- Theatrical release poster
- Directed by: T. Rajendar
- Written by: T. Rajendar
- Produced by: Mayilai Gurupatham
- Starring: Sreenath Jyothi Rajeev Sivaranjani
- Cinematography: C. S. Ravibabu
- Edited by: R. Devarajan
- Music by: T. Rajendar
- Production company: G. R. P. Arts
- Release date: 28 May 1981;
- Running time: 135 minutes
- Country: India
- Language: Tamil

= Rail Payanangalil =

Rail Payanangalil is a 1981 Indian Tamil-language film written, directed and scored by T. Rajendar. The film stars Sreenath, Jyothi, Rajeev and Sivaranjani. It was released on 28 May 1981.

== Plot ==

A singer and his fan have an unrequited love, but she marries a sadist bent on torturing her, questioning her chastity at every turn. The singer, in the end, to prove her chastity, attempts to molest her only to lose his life in the process of establishing her virtue to her husband.

== Soundtrack ==
The music was composed by T. Rajendar, who also wrote the lyrics. The songs "Amaithikku Peyarthaan" "Ada Yaaro", "Vasantham Paadi Vara" and "Noolumillai" attained popularity.

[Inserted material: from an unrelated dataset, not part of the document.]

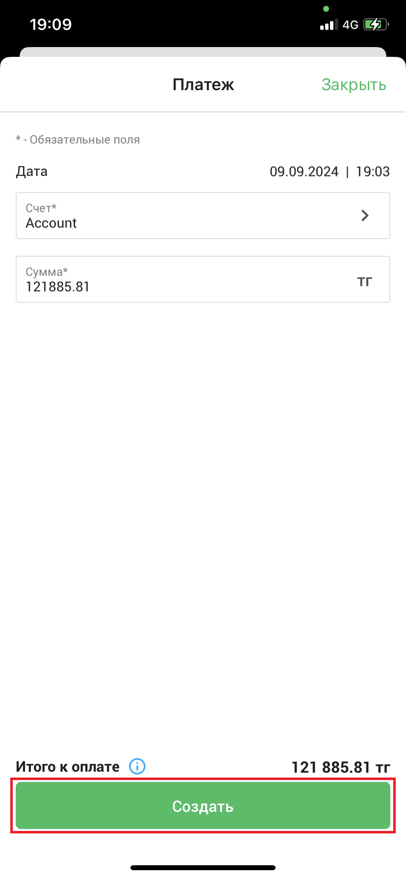 При проведении документа откроется страница “Платеж”. Выберите счет, через который будет проведена приемка и введите сумму, затем нажмите на кнопку “Создать” в нижней части экрана, чтобы создать платеж по приемке.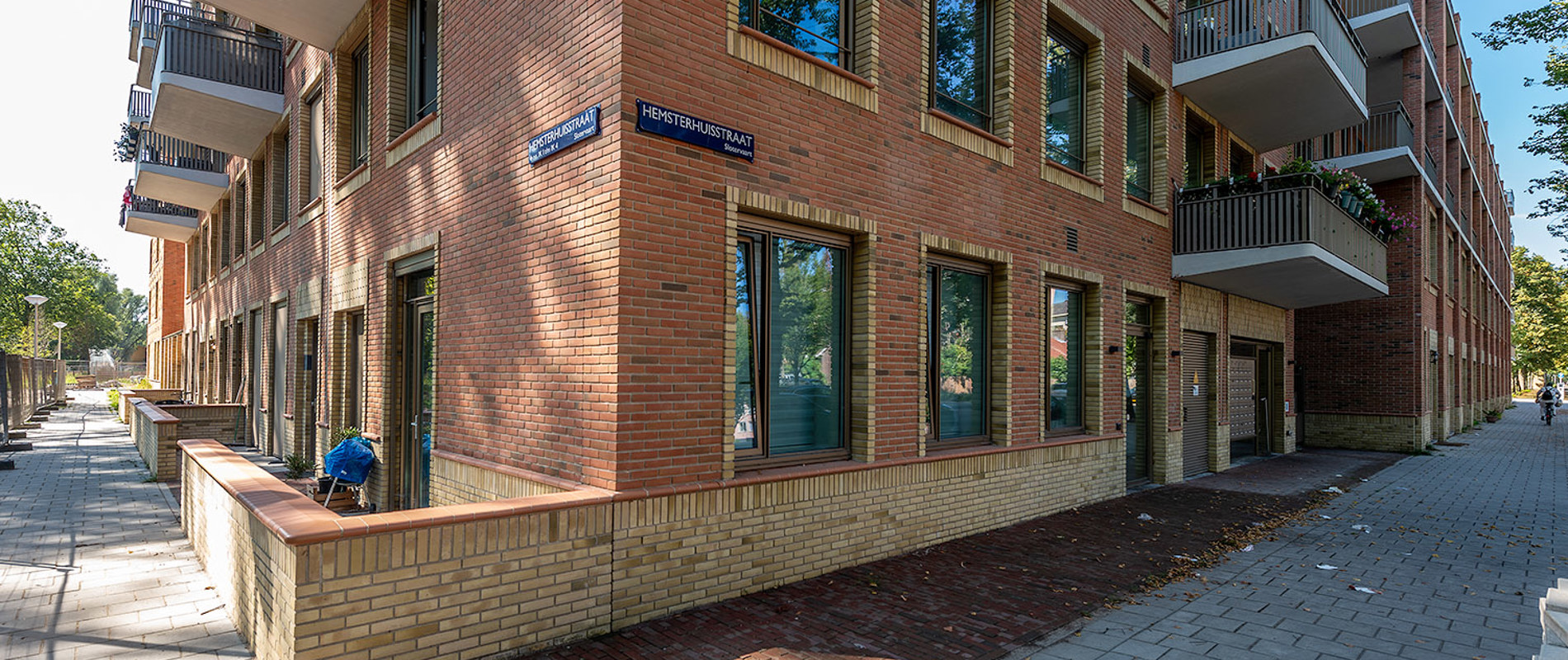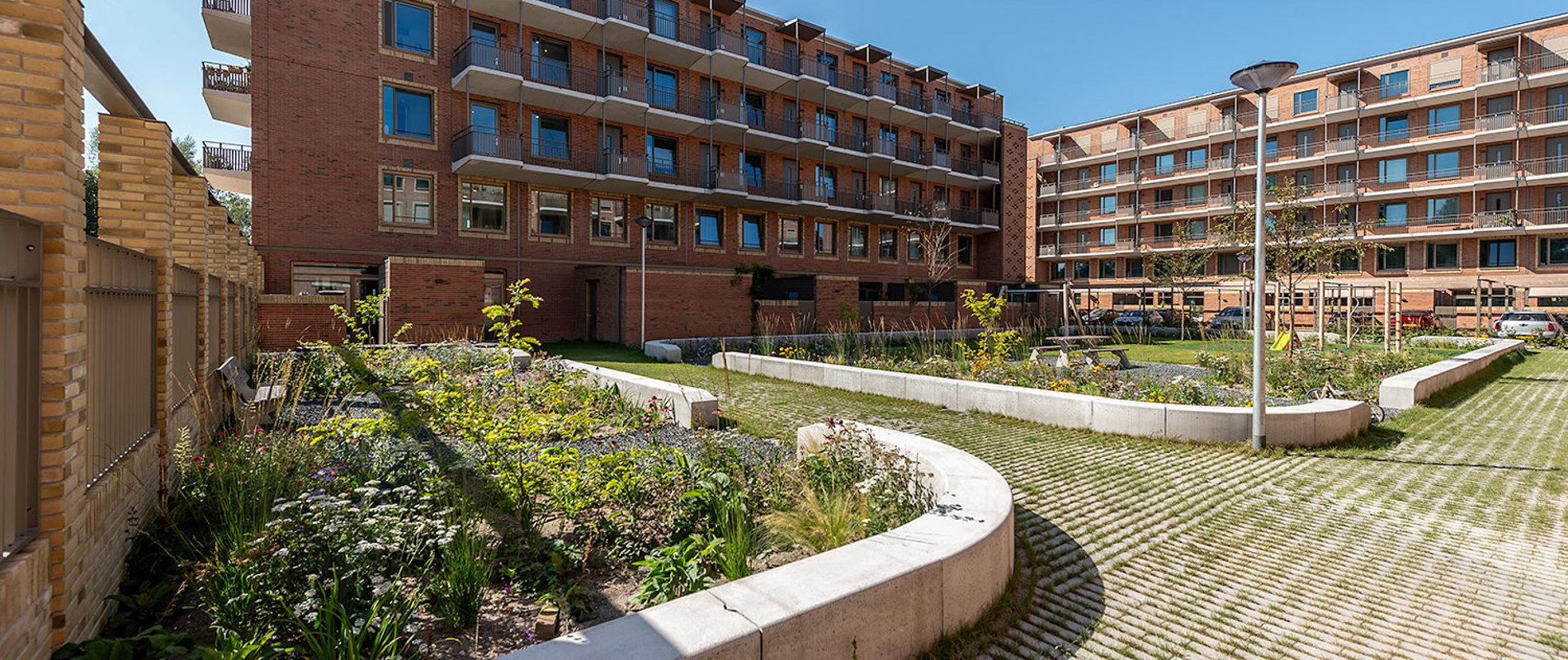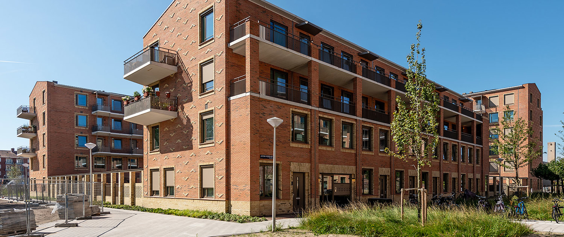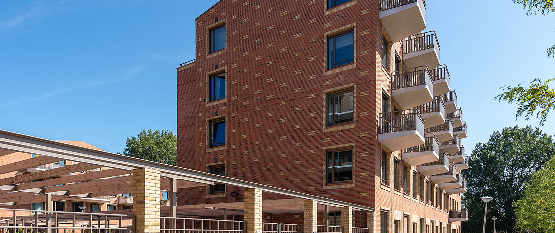 Elementen uit de oudbouw komen terug in het nieuwe ontwerp, zoals metselwerk en flauwe kappen. In de oudbouw bestond de begane grond uit bergingen. In de nieuwbouw komen daar grondgebonden eengezinswoningen, waardoor de buurt een levendiger karakter krijgt.

| Song | Singers | Length |
|---|---|---|
| "Vasantham Paadi Vara" | S. P. Balasubrahmanyam | 04:48 |
| "Vasantha Kaalangal" | Jayachandran | 04:45 |
| "Ada Yaaro" | S. P. Balasubrahmanyam | 04:36 |
| "Noolumillai" | T. M. Soundararajan | 05:27 |
| "Vasantham Paadi Vara" | Janaki | 04:48 |
| "Amaithikku Peyarthaan" | T. M. Soundararajan | 05:17 |

== Reception ==
The film ran for over 175 days in theatres. Nalini Sastry of Kalki praised Rajender's dialogues and music, and the performance of the actors but panned the ending as artificial. Naagai Dharuman of Anna praised Rajender for his music and direction and for handling many technical burden but felt story and screenplay could have been much better. He also praised the cinematography and acting of the cast.